The pressures of being a caregiver to her husband did not get her down, even when his health forced him to retire from O'Berry Center and left her the family's sole breadwinner.

Support from friends and family kept her strong -- even if sometimes the pressure was more than anyone could be expected to handle.

Faith helped guide her through the rough spots, she said.

"When you're faced with a medical crisis like this, and, of course, to Jerry's face I was the cheerleader at all times, but in the wee hours of the night, when I was having the fears and worrying about him, I just turned that over to God," she said.

Adding to the burden was who was in another bed -- her sister, who gave her kidney so that Jerry could get his.

"It was hard," Donna said. "And I had a lot of skin in the game -- my baby sister, Joy, who gave on Jerry's behalf, was a nurse so she knew what she was getting into."

Donna relied heavily on her doctor.

"She knew that I had Jerry on one table and my sister on the other," Donna said. "She told me early on, 'I'm going to take care of your sister. I will be there and so when your sister's kidney leaves her body I will receive it in my hands and deliver it.' And she did that."

The night before surgery, during a private moment with her sibling, Mrs. Phillips acknowledged the gift.

"I told her, 'You saved my husband's life,'" she said.

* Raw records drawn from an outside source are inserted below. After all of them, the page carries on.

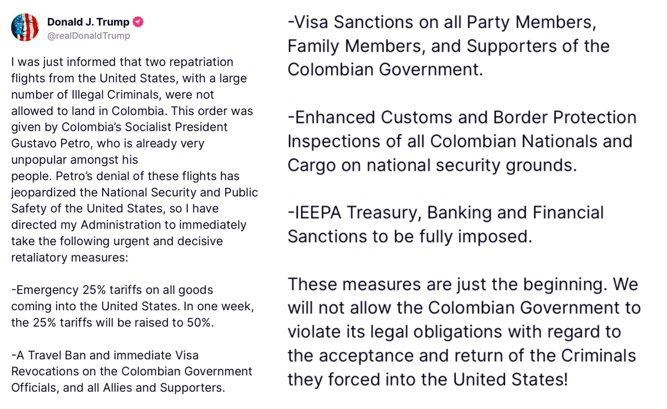 «Los EEUU no pueden tratar como delincuentes a los migrantes Colombianos. Desautorizo la entrada de aviones norteamericanos con migrantes colombianos a nuestro territorio. Desautorizo la entrada de aviones norteamericanos con migrantes colombianos a nuestro territorio. EEUU debe establecer un protocolo de tratamiento digno a los migrantes antes que los recibamos nosotros», Gustavo Petro, presidente colombiano, a las 4:41 a. m. del 26 ene, 2025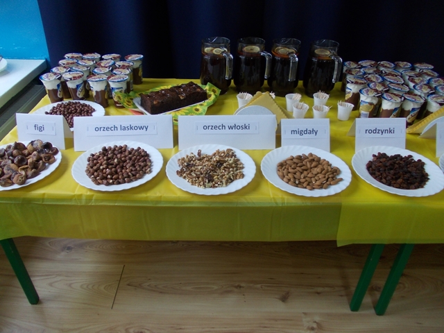 Z pomocą swoich nauczycieli i opiekunów przygotowały ciasta i desery bakaliowe oraz napoje. Uczestnicy wzięli udział w konkursach i zabawach tematycznych. Spotkanie wszystkim zebranym sprawiło wiele radości, przysporzyło wiedzy i nowych umiejętności. Zespół Szkół im. Marii Grzegorzewskiej reprezentowali uczniowie klasy 3bzu z wychowawcą – Panią Agnieszką Pańko, pod kierunkiem koordynatorek Projektu – Pani Marty Pałuszyńskiej i Pani Anety Piontek. Uczniowie przygotowali prezentację zdrowotnych właściwości kakao i zaproponowali ciasto kakaowe z bakaliami, jako posiłek zawierający dużą ilość tego produktu. „Pałeczką sztafety” przekazaną Gospodarzom przez uczniów było kakao.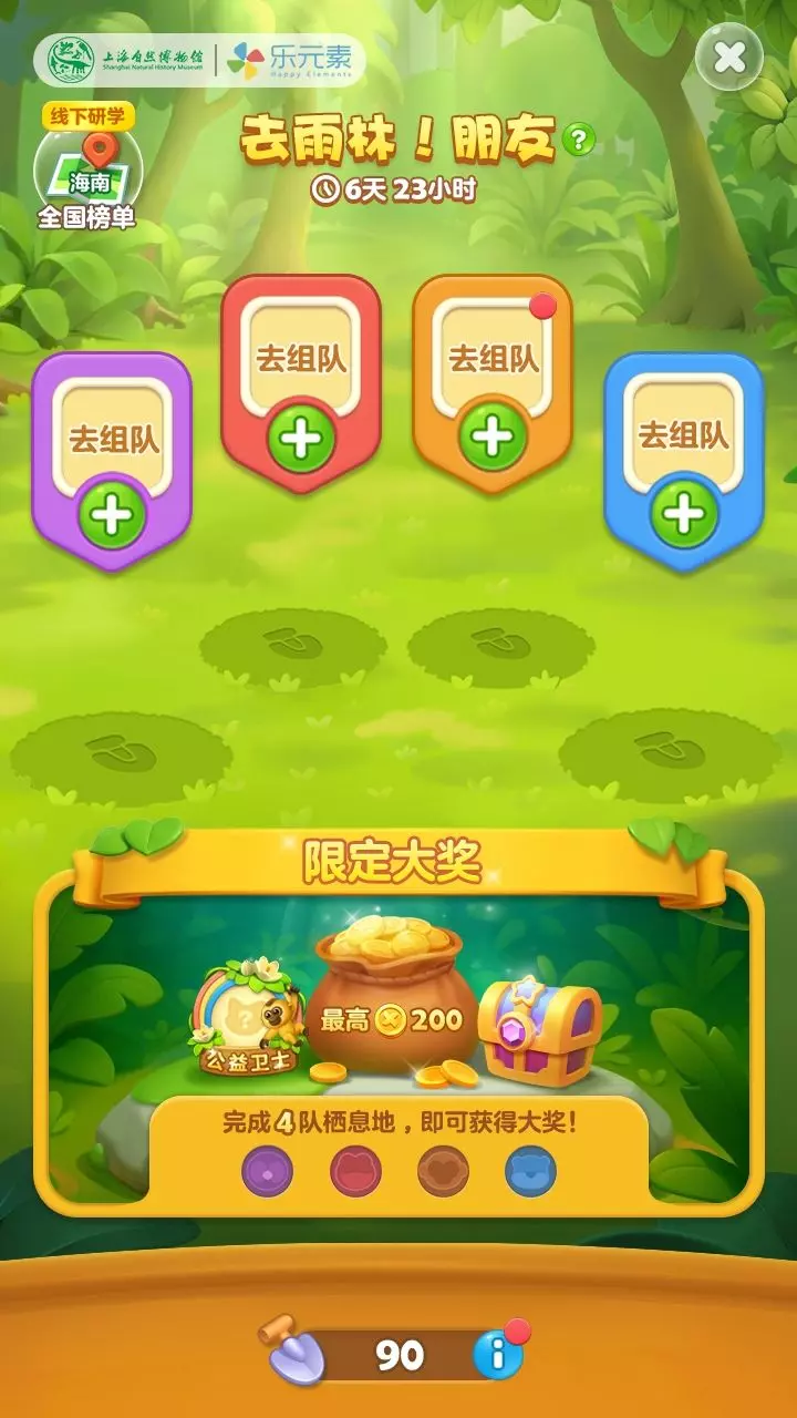小村民需要与4位玩家分别组成4支队伍,共同守护升级海南热带雨林内4种神秘珍稀动物的栖息地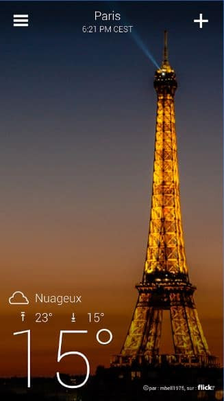 Đây là ứng dụng thời tiết đẹp nhất trong bảng danh sách này.Tất nhiên, ứng dụng cũng cung cấp thông tin thời tiết rất đáng tin cậy vì nó được dựa trên Weather Underground, một mạng lưới trạm khí tượng cá nhân. Ngoài thời tiết, Yahoo cung cấp hình ảnh phía sau thông báo thời tiết liên quan đến thành phố mà bạn đang có mặt, bức ảnh này được lấy từ Flickr, dịch vụ chia sẻ ảnh của Yahoo.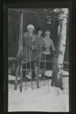 "Ebba Larsson, Abba Andersson, Astrid Andersson, Fogelstad." Tre kvinnor poserar ståendes på ett staket. Deras skidor står lutade mot staketet och de har stavar i händerna.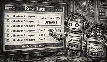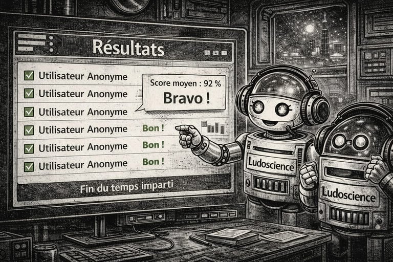Durant l’échange entre enseignants, Ludia raconte les bons scores obtenus à son évaluation suite au jeu proposé. Les collègues indiquent avoir obtenu de bonnes évaluations leur côté aussi mais en faisant un cours magistral en ligne. Globalement les évaluations sont meilleures qu’à l’accoutumé. L’un des collègues pose alors l’hypothèse suivante : « Pourquoi s’embêter à faire du jeu ? Ca prend du temps et il semble que les résultats liées aux évaluations soient identiques… Qu’en pensez-vous ? »…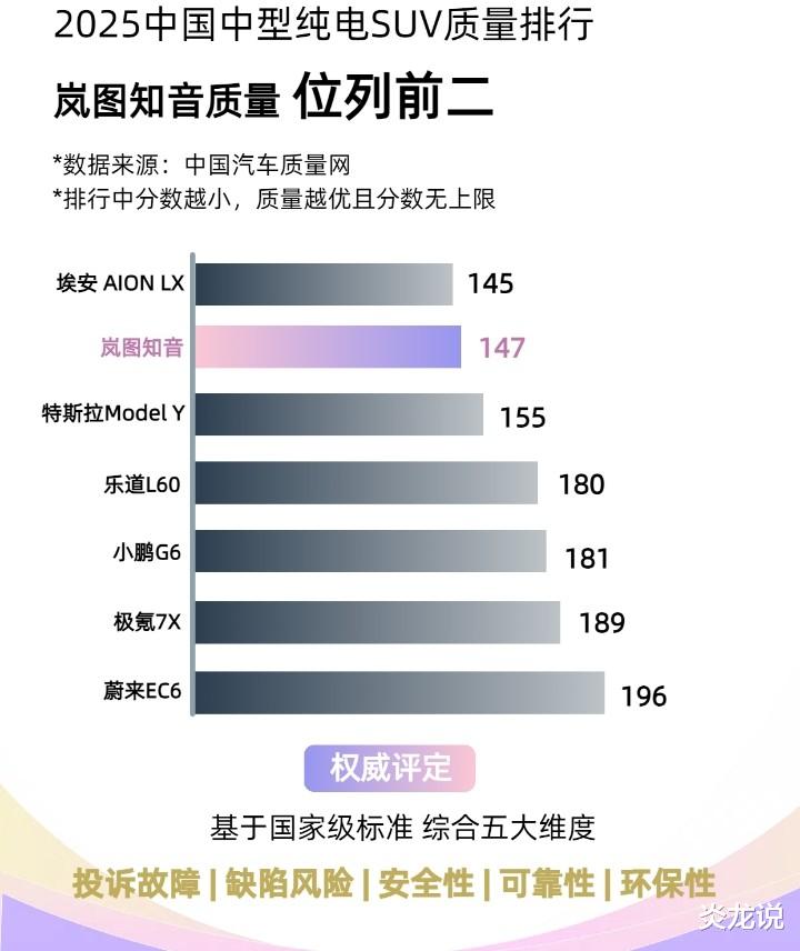 当宝马iX3还在为“豪华纯电SUV”标签较劲时,一款国产车型的横空出世,彻底搅动了20万级市场的格局。近日,中国汽车质量网发布的《2025年第一季度新能源中型SUV质量排行榜》显示,岚图知音以黑马姿态冲入前三,力压特斯拉Model Y和宝马iX3,成为榜单上排名最高的中国自主品牌车型。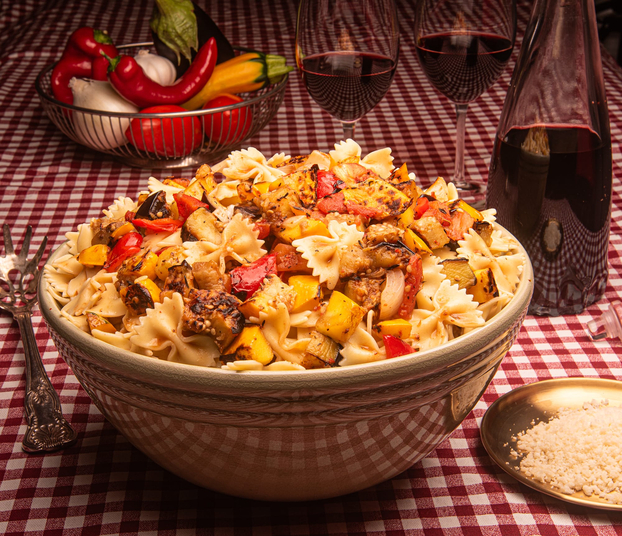 - SERVE. Drain the pasta, move it to a big bowl, pour on the tomato sauce, then pile on the rest of the veggies. Garnish and gently mix the herbs and Parmigiano in so they warm and exude their perfume. If you like, do as they do in Italy, and drizzle a high-quality olive oil over the top of each individual serving (especially if you plan to serve it cold).

Another link in a chain of miracles, Jerry and Donna said.

*

But the chain would not end there.

In the many hallways and rooms of the "huge, huge hospital," God's presence was constant, the couple said.

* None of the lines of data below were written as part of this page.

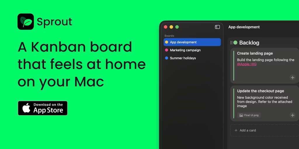 Há alguns meses comecei a procurar um quadro kanban simples para gerenciar todas as minhas tarefas, pois estava ficando louco com a carga de trabalho que tinha. Passei semanas procurando um que fosse privado, offline, que não estivesse cheio de recursos inúteis. Então criei o Sprout , um quadro Kanban simples e nativo para Mac. – Sem contas – Sem ruído (0 notificações, anúncios, recursos inúteis) – 100% privado (usa CoreData e iCloud).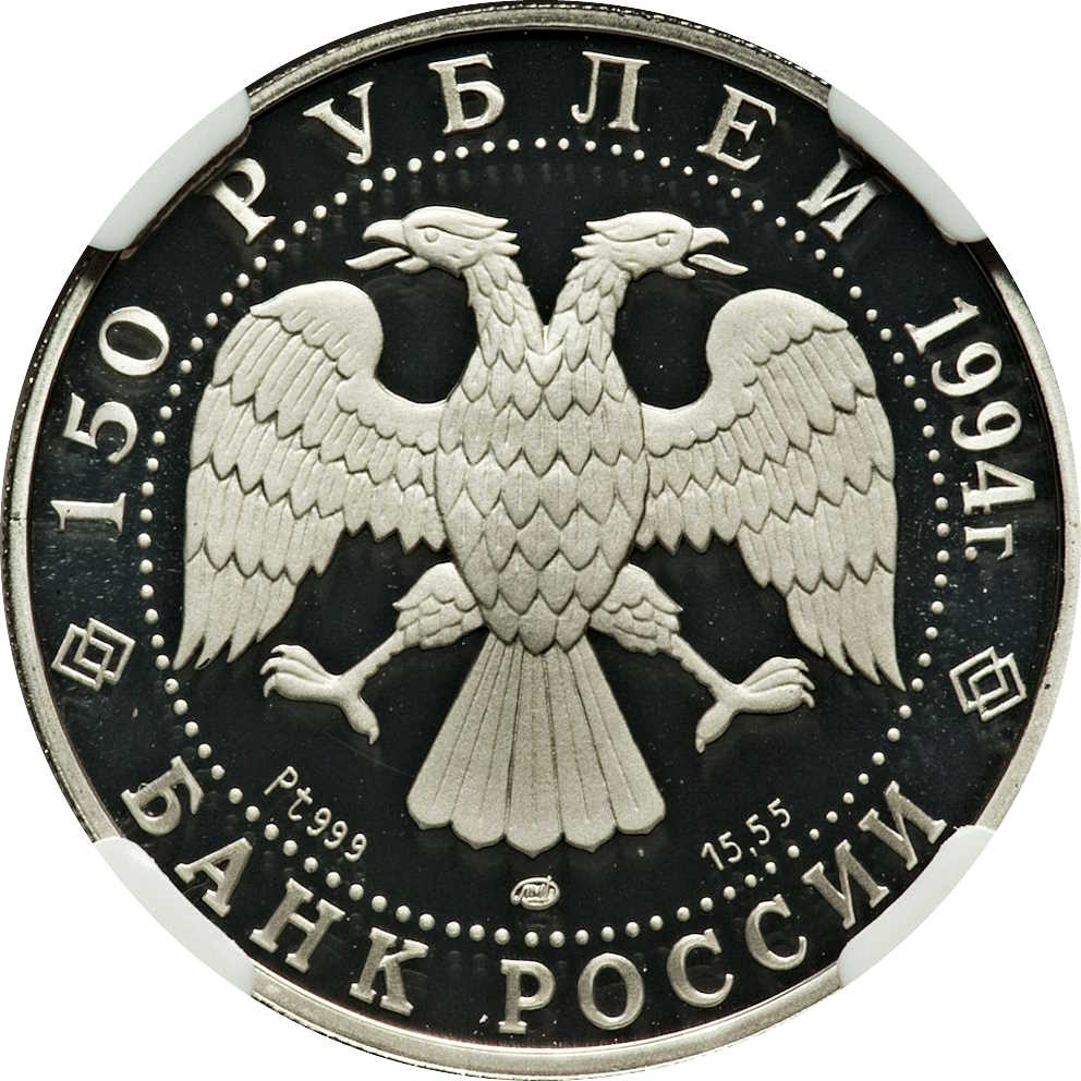 Описание: Двоголовий орел (дизайн І. Білібіна), літери під ним позначають метал, пробу, знак монетного двору та вміст дорогоцінного металу. Написи по краю: зверху — «150 РУБЛЕЙ 1994 г.» (150 РУБЛІВ 1994), знизу — «БАНК РОССИИ» (БАНК РОСІЇ).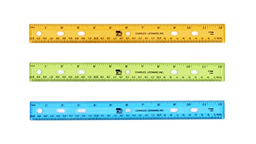Charles Leonard Plastic Metric Ruler, 12 Inches, Translucent Assorted Colors, Set of 36 Rulers (77336)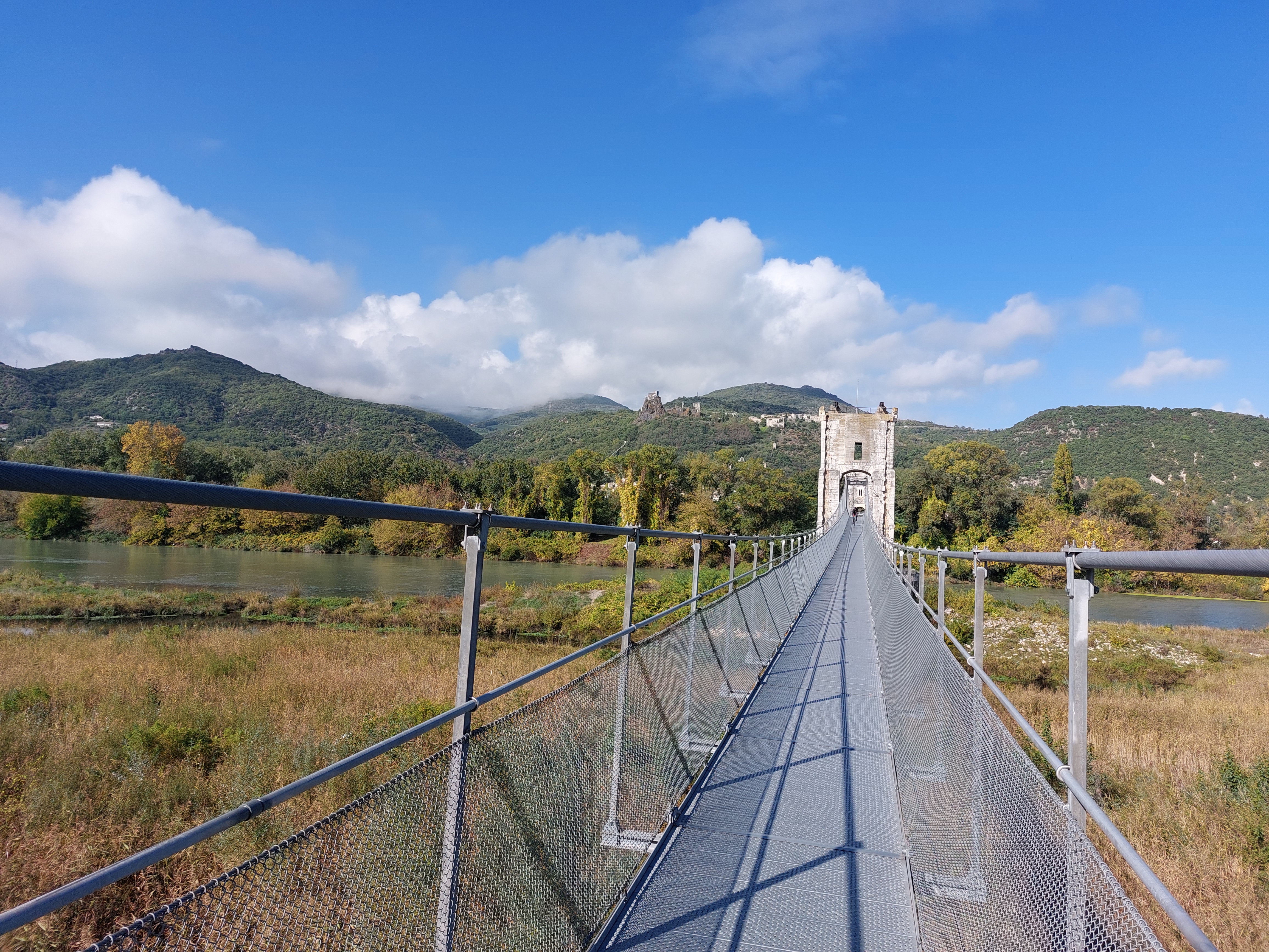 Vraiment magnifique, superbe traversé a pied sur ce pont suspendu avec de belles rafales de vents 40/60km/h). Le village de Rochemaure juste a côté est très beau a visiter aussi.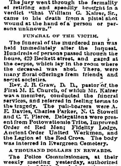 Jr. - William H. Upton - Annie McCuen - Lemuel R. Weldy William H. Davis - Patrick M. Gallagher - John S. Smith Charles Kairer - Frank G. Kairer - Elizabeth Kairer White - Thomas Warren White - First Methodist Episcopal Church Improved Order of Red Men - Ancient Order of United Workmen - Odd Fellows - Legion of the Red Cross Theodore Lambert - Louis Riley - Joseph B. Stevenson |

"We saw God's hand, the way things lined up. I mean, how could you not believe His hand was there?" Donna asked, recalling one particularly poignant moment the morning of the surgery when a male nurse, obviously familiar with the case, approached them.

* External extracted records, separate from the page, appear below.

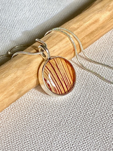 Het prachtig gestreepte bruin-oranje-rode detail in deze zilveren hanger komt van de gedroogde trompetbloem.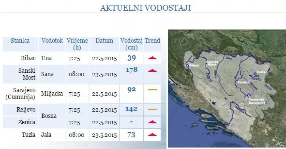 Očekivana količina padavina bit će od 30 do 60 litara po metru kvadratnom. S tim u vezi vidljivo je da je vodostaj rijeka u porastu. Najviši vodostaj dostigla je rijeka Sana od 178 centimetara.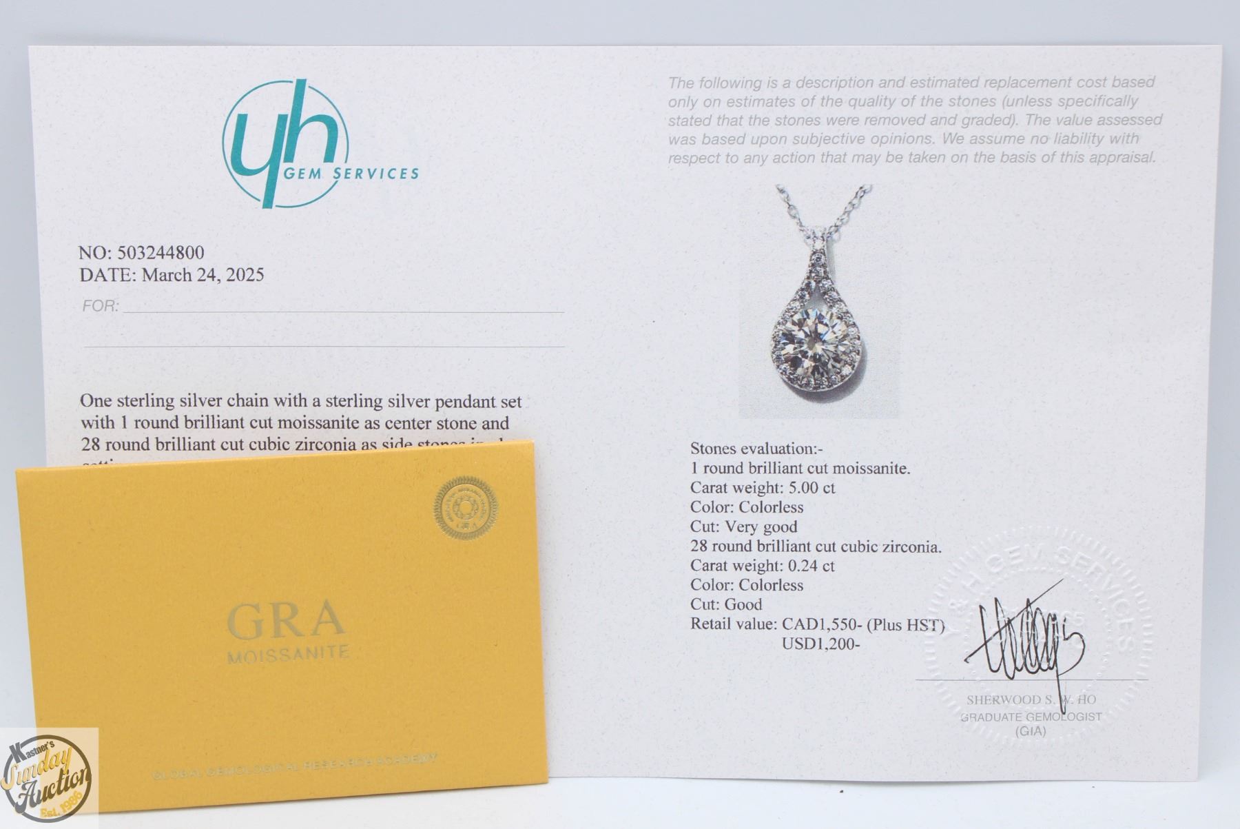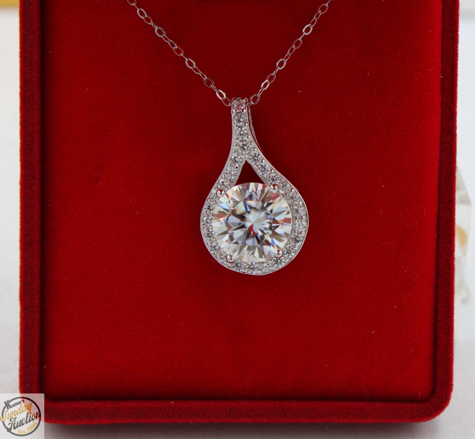 CUT MOISSANITE STONE VVS D COLOR WITH 28 ROUND BRILLIANT CUT CUBIC ZIRCONIA SET IN TEAR DROP HALO SET IN 925 SILVER PENDANT RETAIL VALUE $1,550.00 **ALL ITEMS MUST BE REMOVED BY 5PM SATURDAY, MAY 10TH 2025. ALL REMAINING ITEMS WILL BE SUBJECT TO A $6.00 PER DAY STORAGE CHARGE. ANY ITEMS REMAINING AFTER MONDAY, MAY 26TH 2025 WILL BE CONSIDERED FORFEITED. NO REFUNDS WILL BE ISSUED FOR FORFEITED ITEMS. TO SCHEDULE A PICK UP APPOINTMENT CLICK HERE

"He introduced himself and said, 'I understand you have a son named Zach who is serving in the Army, and I want you all to know that I'm retired Army and today,' he said, 'Dad, today' -- it's going to make me cry," Donna said, her voice catching. "'I want you to know that today I have Zach covered in prayer, soldier to soldier.'"

A look of relief came over Jerry's face.

It had worried him that his son could not be there.

And in a moment, that worry was replaced with comfort in the knowledge that there was another connection, another link, another blessing.

"The look of relief that came over Jerry's face, because Zach couldn't be there the day of surgery, and so for that particular nurse with that particular military branch, same branch (was priceless)," Donna said.

And Jerry would be part of a chain, too, a comfort for someone else who seemed to have been placed in his path for a reason.

When Donna joined her husband in pre-op, she saw Jerry holding a nurse's hand.

"He's rubbing her hand and he says, 'And I want you to know that everything is going to be just fine,'" she said. "(I later) found out what that conversation was about -- that nurse in his pre-op room had found out the day before that her 14-year-old son had just been diagnosed with Alport's syndrome."

What are the chances that nurse would have been in Jerry's room on that day? Donna thinks she knows.

"God used him in that moment to encourage that nurse and to let her know that science, medicine had advanced and your son's going to be perfectly fine," she said.

*

The transplant was a success and the couple are now back at home.

They came home in time to celebrate their 53rd birthdays -- Donna's on Sept. 14 and Jerry's three days later.

As Jerry recovers, he said he is feeling well and getting stronger every day.

He still requires clinic visits and anti-rejection medication.

They are not out of the woods yet.

But Jerry and Donna will get through the next weeks with the confidence that comes from the knowledge that their path is set.

And they are grateful -- not just for the family and friends who rallied around them, but also for those who give of themselves to save the lives of others.

They will be forever connected to the members of the kidney chain.

And that is why they decided to tell their story -- to say thank you.

"I never wanted to do a story about me. I wanted it to focus on the donors because without the donors, there wouldn't be people like me," Jerry said. "What a wonderful gift to give somebody. I'm forever grateful."